A simple conversion funnel steps might look like this:
Step 1: First visit
Step 2: Purchase, sign up, generate lead, request demo, or another key conversion event
This won’t tell you whether someone “recognised” your brand or not. However, it can show the time elapsed between the initial recorded step and the conversion step.
For example, if users who complete a purchase usually do so within 2 days and 16 hours of their initial visit, this gives you a useful benchmark for the decision journey.
It becomes more meaningful when you compare this across segments. For example:
- Direct traffic vs Organic Search
- New users vs established users
- Blog-entry users vs product-page-entry users
If one group consistently completes the journey faster, this could support a recognition hypothesis. This alone doesn’t prove brand recognition, but it provides a behavioral signal worth investigating. What matters is not the time elapsed alone, but the difference between the groups.
Reading The Output Without Overstating It
This is where many brand recognition proxy analysis go wrong.
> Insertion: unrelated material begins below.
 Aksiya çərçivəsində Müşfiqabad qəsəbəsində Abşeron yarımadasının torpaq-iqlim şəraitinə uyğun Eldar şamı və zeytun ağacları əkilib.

The numbers in your Exploration report are real, but they don’t tell the whole story.
For example, direct traffic is a fairly messy channel. It includes people who actually typed your URL, but it also captures untagged email clicks, dark social media shares, mobile app traffic, and sessions where the referring source (e.g., AI platforms) is lost due to technical reasons.
So, a spike in direct traffic might reflect increased brand recognition. But it could also reflect a poorly tagged email campaign.
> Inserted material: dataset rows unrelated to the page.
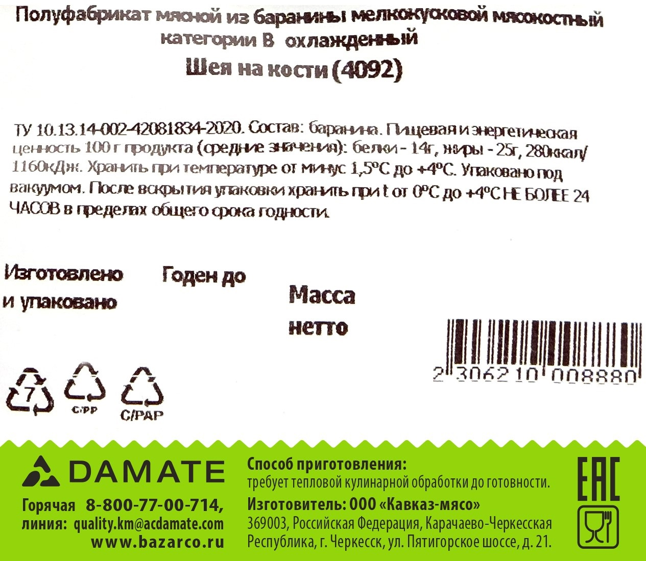 Шея молодого барашка Bazarco Халяль на кости охлажденная, ~1кг
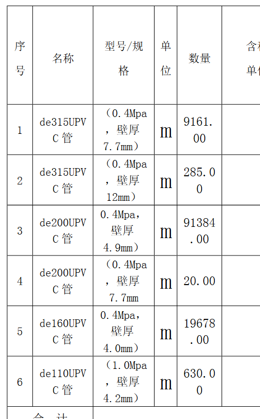 | 项目描述 | 新疆阿克苏产业园市政工程采购管材,主要包含de315UPVC管,壁厚7.7/12mm,e200UPVC管,壁厚4.9/7.7mm,de160UPVC管,壁厚4.0mm,de110UPVC管,壁厚4.2mm,详细采购数量见清单,联系人:洪工。 |
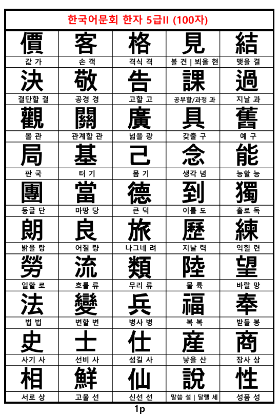 한국어문회 준 5급 한자표
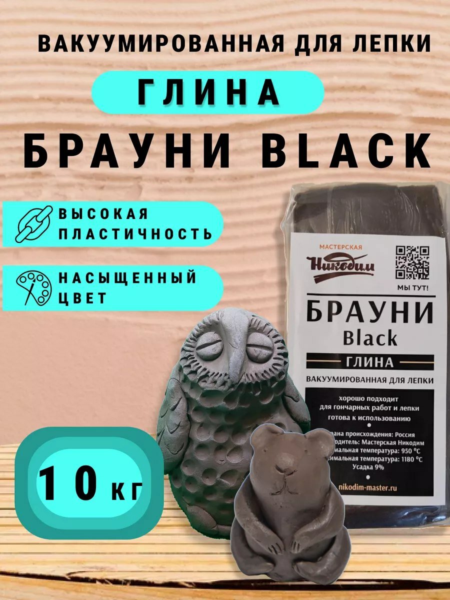 10 цен на Брауни Black Глина натуральная, черная для лепки и гончарного круга,10 кг

The same caveat applies to returning user rates. A high return rate is a positive signal, but it’s also influenced by your product category, your content publishing frequency, and whether you have logged-in user functionality that makes returning easier.
The most honest way to use recognition proxies is to observe them directionally over a long period and compare them to other signals. If direct traffic is increasing, branded search volume (visible in Google Search Console) is also increasing, and the returning user engagement rate is also showing an upward trend, then that convergence makes sense.
Any criterion taken alone is a hypothesis. Several moving together are closer to proof.
Practical Tips Before You Build
A few things worth knowing before you start:
- GA4 generally needs 24-48 hours to fully process event data. If you’re pulling a report too close to the current date, you may be looking at incomplete numbers. For recognition proxy analysis, this matters less than it does for real-time campaign monitoring, but it’s still worth factoring in when you’re setting your date range.
- Data retention in GA4 defaults to two months. To get the most out of exploration reports, especially for trend analysis over a 90-day or longer window, you’ll want to extend this to 14 months in your property settings. This is one of those configuration decisions that’s easy to overlook and painful to discover too late.
- Explorations are not retroactive when it comes to new event tracking. If you decide to start tracking a new recognition proxy, like a specific branded content engagement event, you’ll only have data from the point you set it up. The sooner you build the report and confirm the tracking is working, the sooner you start accumulating the data you need.
- Building a GA4 Exploration report for recognition proxies should not mean getting a precise number that says “this is how much brand awareness you have.” That number doesn’t exist in any analytics platform. What you’re building instead is a directional view of behavioral signals that correlate with familiarity, tracked consistently enough over time to become meaningful.
The signals are there. You just have to know how to read them together.